All the support manuals can be found at - Manuals - Mac Pro, but for ease of use, I've organized them in this section. Notably, the 4.1/5.1 Mac Pros (2009, 2010-2012) are very similar internally; thus, any 2009/2010 manual works for the 2012 Mac Pro.

Note: All the manuals are linked are PDFs.

User Guide Manuals

Instruction Manuals

Buying Used Mac Pros on eBay

Seeing as the Mac Pros are no longer made, used markets are the only places to find Mac Pros. I bought my 2008 Mac Pro from Apple but bought my 2010 from eBay. I had a good experience.

If you're here, I assume you already are a capable user, but it bears repeating the Mac Pro might not be the best buy for some users. The Mac Pro is a tinkering box and ideal a certain class of users. It's by far the best computer Apple has ever engineered, and possibly any computer maker has ever produced for its sheer longevity and insane upgradability. (Perhaps the 2019 Mac Pro will prove to be a worthy successor.) That said, Used iMac 5ks 2017 iMacs often go for prices similar to Mac Pro 5.1s, have upgradable ram (up to 64 GB) and have Thunderbolt 3 making it eGPU viable and the 2019 iMacs have 128 GB max RAM and better benchmarks when outfitted with a top of the line CPU. The single-core score of an iMac 5k 2017 i5 is nearly double the best Mac Pro 2012 making for better certainly applications such as Photoshop. With the 5k monitor built-in and support for years to come and the ability to drop in an i7-7700k (for the adventurous) which bests all but the 12-Core Mac Pros in multi-core performance, I'd suggest considering an iMac as in many tasks it'd be noticeably faster if you are not planning to make use of the PCIe slots.

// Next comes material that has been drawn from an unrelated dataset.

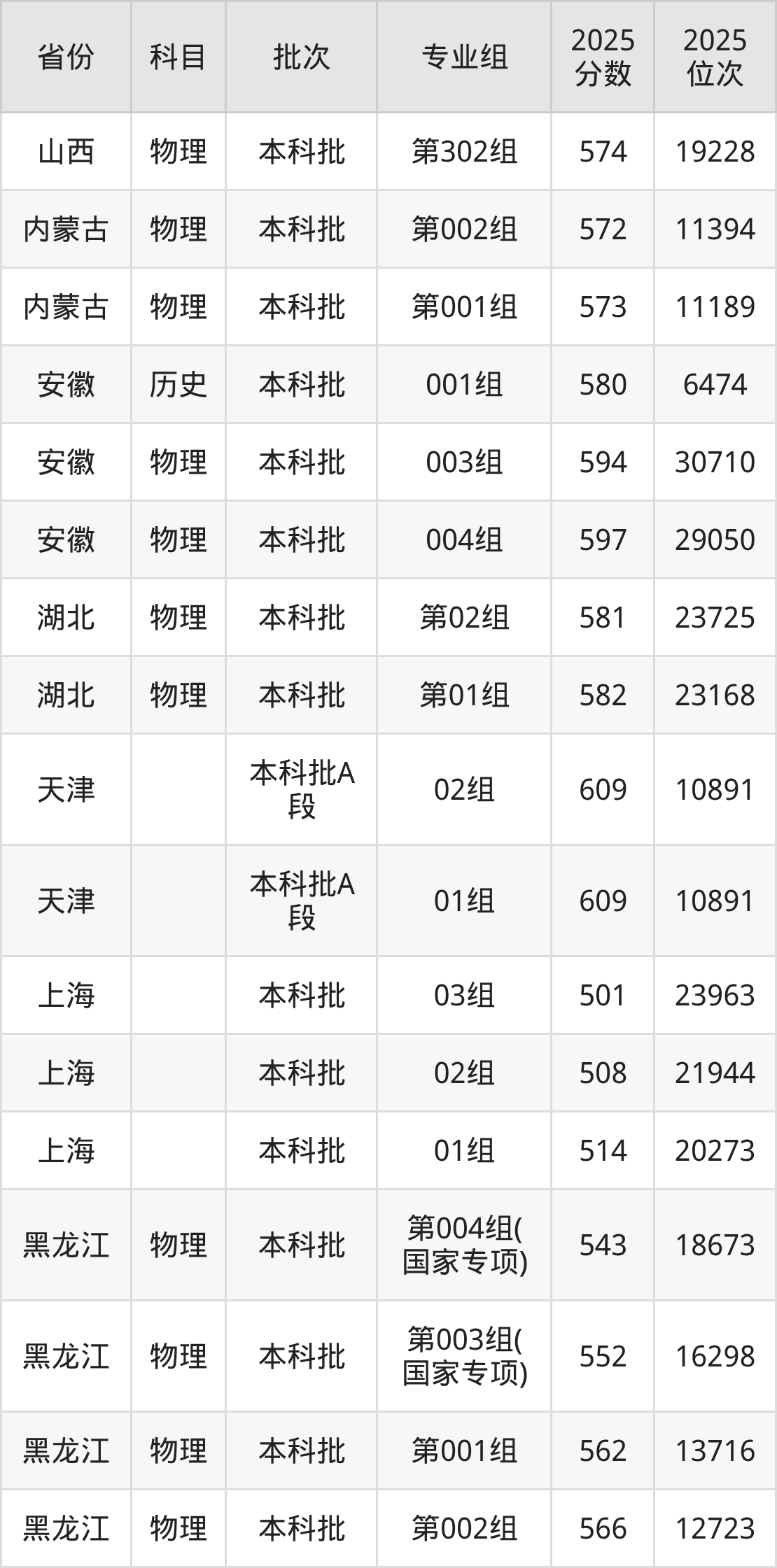 2025年在本科物理类进行招生,各专业组分数线详情如下:

  • If considering a single CPU Mac Pro, Dual CPU trays for Mac Pro 4.1/5.1s are hard to come by, and often cost nearly as much as the computer itself (sometimes more).
  • The Dual CPU 2009 (4.1) Mac Pro is considered the upgraders choice as they're very hackable, as it only takes a firmware flash to convert them to a Mac Pro 5.1. The only caveat is upgrading the CPUs requires delidding.
  • Used CPUs can be found on quite a few sites for reasonable deals. The X5690 is the fastest CPU money can buy for the Mac Pro 4.1/5.1, but the X5680 is roughly half the price making it the bargain upgrade.
  • Some sellers sell 5.1 Mac Pros that are formerly 4.1s upgraded. Some sellers mislabel Mac Pro as "Mac Pro G5" or are unable to identify it's generation. If you're unsure or the seller is, the serial number can tell you when the computer was manufactured, or it's model type. Also, you can request a photo of the computer with the panel removed to identify it as 4.1/5.1.
  • Mac Pro 1.1/2.1s so far haven't been able to run later than OS X 10.11, which limits their longevity or utility. Consider the Mac Pro 3.1.
  • The Mac Pro 3.1 can run the latest OS X with minor hacks, making them bargains but are limited in upgrades and performance. Mojave requires a metal GPU but, the latest AMD drivers for recent cards do not support the 3.1 in Mojave without hacks.
  • 2010 and 2012 Mac Pros are virtually the same. There are no performance differences other than the base configurations.
  • Markets vary quite a bit based on geo-location. Based on my limited observation, North America is considerably cheaper than the rest of the world.
  • A few resellers still exist like OWC (other world computing) and Big Little Frank.
  • As tempting as a Mac Pro 2013 may be, the thermals are terrible, often leading the Mac Pro 2013s to fry their GPUs. There has been speculation that the D700 GPUs are destined to fail after a certain threshold of usage and there isn't any real way to prevent it. Others have gone to buying cooling pads meant for laptops in hopes of preventing a GPU failure. The worst part of the GPU problem is the only way to get a replacement GPU is to take the computer to Apple, which carries a hefty price tag. Despite the GPUs actually being replaceable, Apple has never sold the GPUs separately. Consider a modern Mac mini if the Mac Pro 2013 is of interest as the CPU performance is nearly the same, the computer isn't at risk of frying itself, and likely much cheaper. You can buy an eGPU with the money saved, and get better GPU performance than a Mac Pro 2013 as it has Thunderbolt 3.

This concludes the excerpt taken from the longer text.